### TRY IT:
Omitting all images, set down every line below exactly as it appears.

### DATA:
++++++

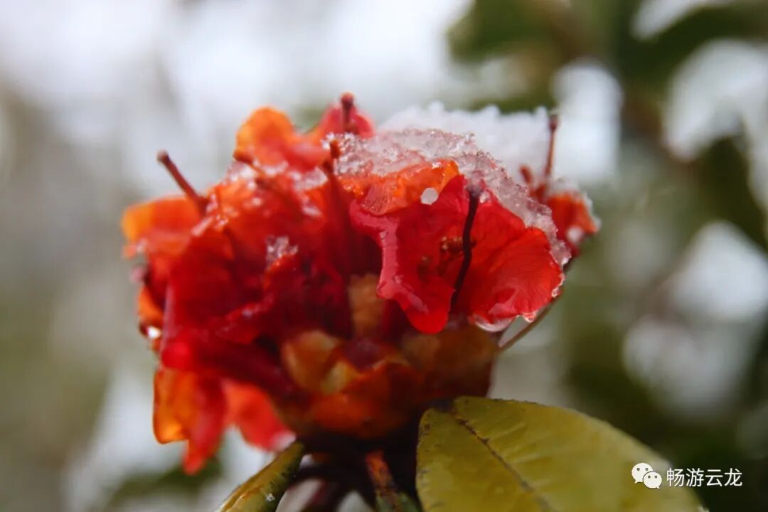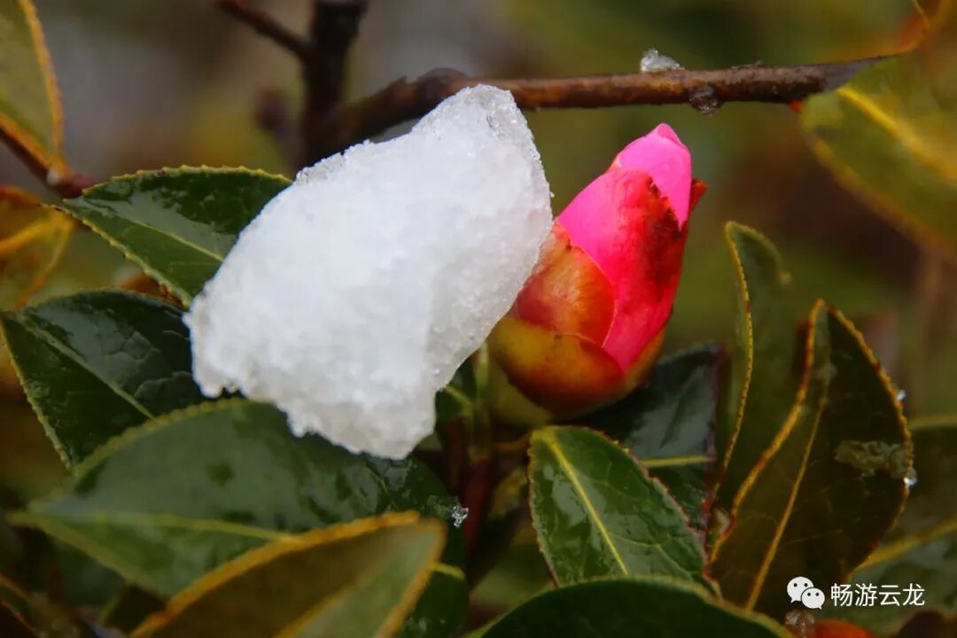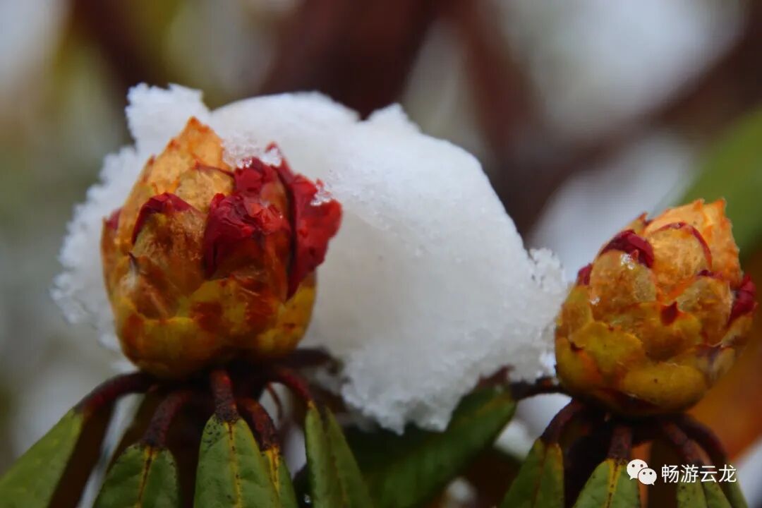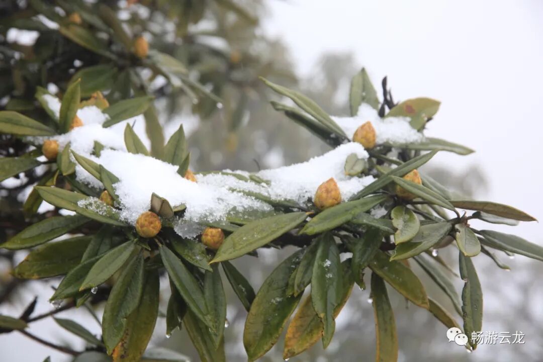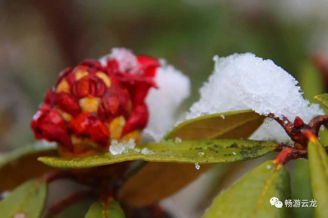 今年春节期间各地都下了几场雨,高海拔地区则飘起了雪,山里银装素裹,分外妖娆,引无数人狂抒诗意,发爆了抖音、快手与微信。2月6日我到云龙县西边的漕涧镇,去赶一个晚场,中午到漕涧镇后虽一直下着雨,但没有退却,寻了一张车直接到漕涧梁子上的六南公路丫口,见上百辆车停在路边,还有交警在值勤指挥,无数人在此赏雪景,我便融入其中,走在雪里有点冷,但看到那些无比喜悦的小朋友们在雪里的各种姿态,我也激情四溢,充满兴奋,拿起相机,选择角度,构思成图,拍了一些照片,特别是拍到了几枝含包待放的花蕾,原绽放的几朵红杜鹃(当地人俗称映山红)则已凋零,但雪里花蕾也别有韵味。突然间雪花又落,雾也起,能见度极低,只好放弃拍摄下山。下山后又去坝子感染了一次梅韵。
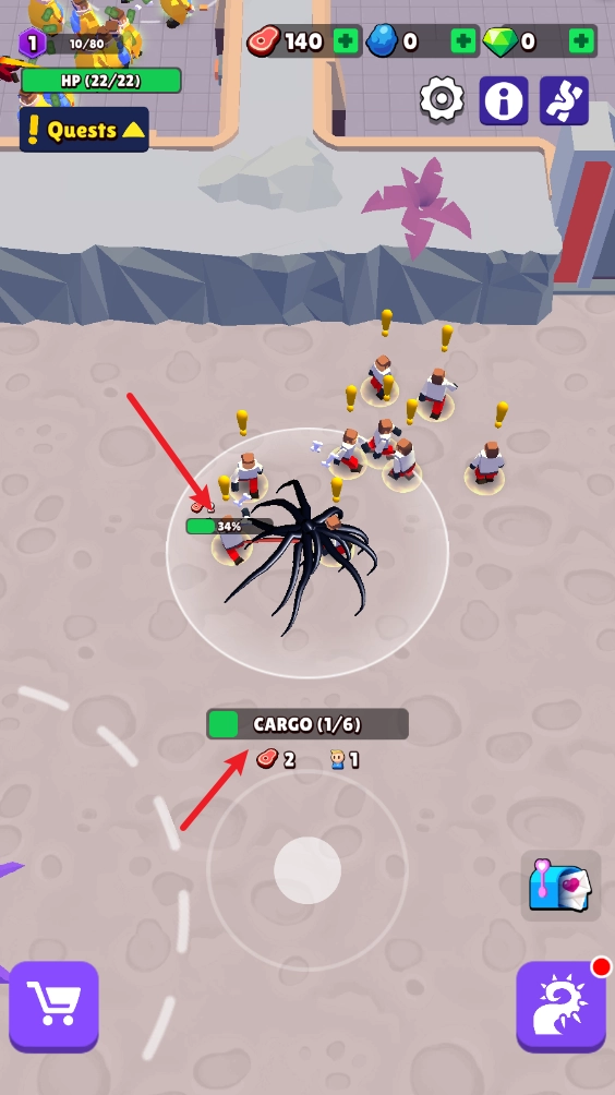 1、进入游戏后,我们通过下方的虚拟摇杆控制毒液移动,靠近NPC时还能接取任务。
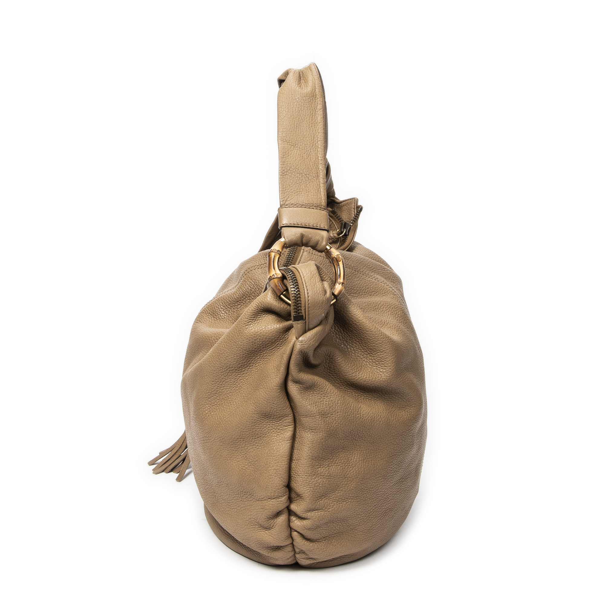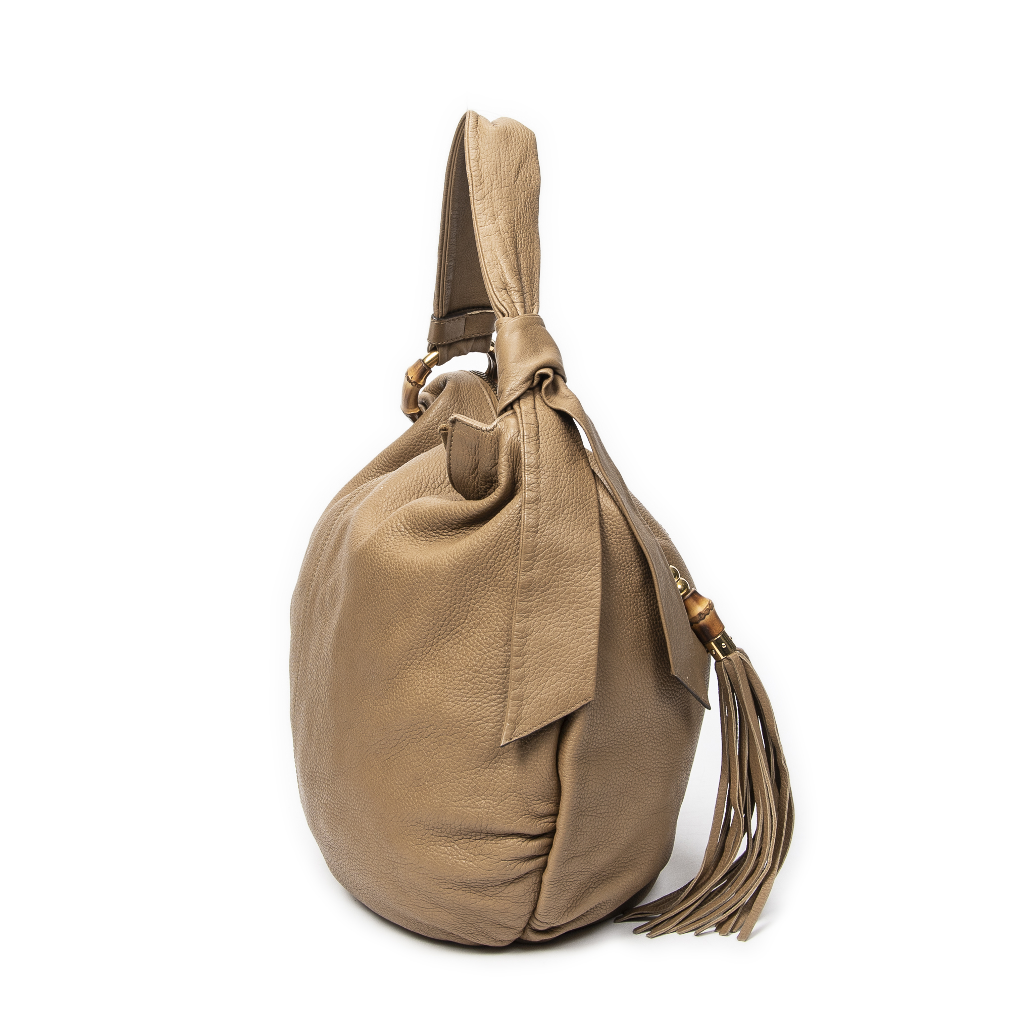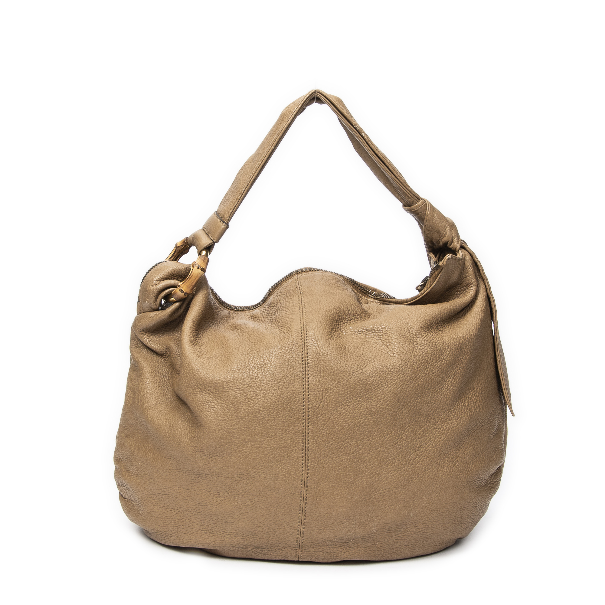 Gucci Shoulder Bag Large Bamboo Bar Hobo in Brown Grained Leather and Gold hardware. The product is in Very Good Condition (AB).

++++++

### WRITTEN RESPONSE:
 今年春节期间各地都下了几场雨,高海拔地区则飘起了雪,山里银装素裹,分外妖娆,引无数人狂抒诗意,发爆了抖音、快手与微信。2月6日我到云龙县西边的漕涧镇,去赶一个晚场,中午到漕涧镇后虽一直下着雨,但没有退却,寻了一张车直接到漕涧梁子上的六南公路丫口,见上百辆车停在路边,还有交警在值勤指挥,无数人在此赏雪景,我便融入其中,走在雪里有点冷,但看到那些无比喜悦的小朋友们在雪里的各种姿态,我也激情四溢,充满兴奋,拿起相机,选择角度,构思成图,拍了一些照片,特别是拍到了几枝含包待放的花蕾,原绽放的几朵红杜鹃(当地人俗称映山红)则已凋零,但雪里花蕾也别有韵味。突然间雪花又落,雾也起,能见度极低,只好放弃拍摄下山。下山后又去坝子感染了一次梅韵。
 1、进入游戏后,我们通过下方的虚拟摇杆控制毒液移动,靠近NPC时还能接取任务。
 Gucci Shoulder Bag Large Bamboo Bar Hobo in Brown Grained Leather and Gold hardware. The product is in Very Good Condition (AB).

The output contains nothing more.